Finalement, Diego aurait pu jouer cinq Coupes du monde. Il n’en a joué « que » quatre, mais elles résument parfaitement la trajectoire sinusoïdale de sa carrière. En 1990, avec une Albiceleste, tenante du titre transparente, défaite dès l’ouverture, qu’il conduit jusqu’en finale, il se fait arnaquer au bout du compte sur un penalty imaginaire de Brehme. Une défaite souhaitée par l’Allemagne, l’Italie et la FIFA. Rien ne sera épargné à Diego. Quatre ans plus tard, revenu d’entre les morts par la grâce d’une préparation que son corps pouvait à peine supporter, il sera contrôlé positif à l’éphédrine, ce qui mettra fin au parcours de la sélection argentine, pourtant incroyablement performante lors des deux premiers matchs.

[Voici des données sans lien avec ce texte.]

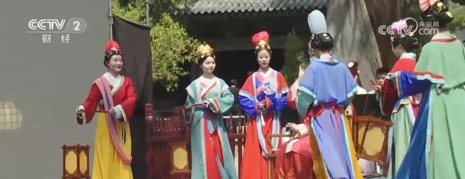 在晉祠的標(biāo)志性建筑圣母殿前,一場(chǎng)場(chǎng)穿越古今的表演登臺(tái)亮相。《晉祠十二時(shí)辰》由晉祠講解員自行編排而成,生動(dòng)還原了圣母殿內(nèi)人物的一天。從服飾裝扮到生活起居,她們用舞蹈讓雕塑“活”了起來(lái),也使游客從別樣的角度領(lǐng)略了圣母殿折射出的文化魅力。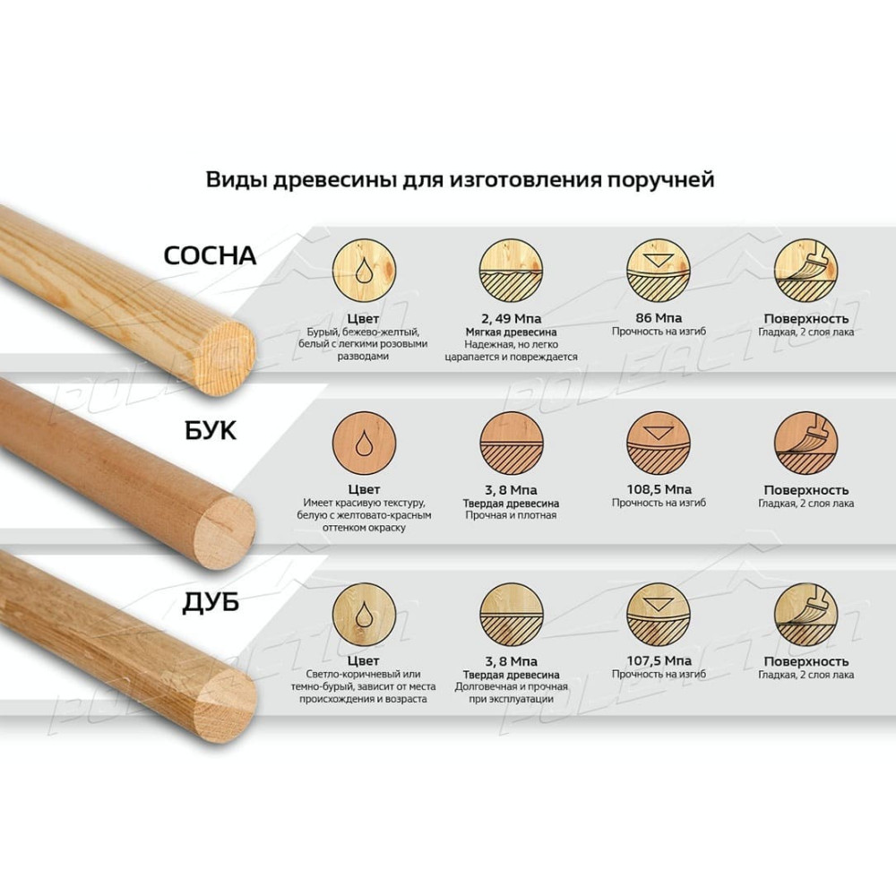Данный поручень представляет собой изделие, выполненное из натурального дуба. Состоит из склеенных и срощенных ламелей, что обеспечивает ему высокую прочность и долговечность. Дуб является одним из наиболее востребованных материалов благодаря своим эстетическим и техническим характеристикам.

Maradona aura une nouvelle fois vécu sa déchéance en mondovision. Son après-carrière sera du même bois. Il enchaîne des expériences d’entraîneur sans lendemain en Argentine, aux Émirats, au Mexique, comme s’il n’était pas fait pour ce monde-là, pour ce métier-là. Le gamin de la Villa Fiorito est passé en quelques années du potrero d’un bidonville à la vie d’une rock star que son talent incandescent lui octroyait, sans avoir les armes pour cela, ni l’entourage qui aurait su le préserver. De Buenos Aires à Naples, de Barcelone à Séville, sa vie de tous les jours ressemblait à un enfer. Partout, il ne pouvait pas sortir de chez lui, entretenir des relations sociales de base, vivre comme tout le monde. Ses prouesses diaboliques se sont finalement retournées contre lui. Exercer son art à ce niveau-là suscite un amour inconsidéré et une dévotion d’une même magnitude. S’il est aujourd’hui célébré dans le monde entier, c’est parce qu’il est une icône populaire et controversée, loin des champions comme il faut (Pelé, Beckenbauer, CR7)… Diego Armando Maradona était et restera aussi comme une idole du Sud, et partant du tiers-monde, pouvant à la fois être pote avec Castro et Chávez comme il l’avait été un temps avec Carlos Menem, le président droitier de l’Argentine, et faire de la pub pour Coca-Cola. Être un génie n’est pas une condition de tout repos.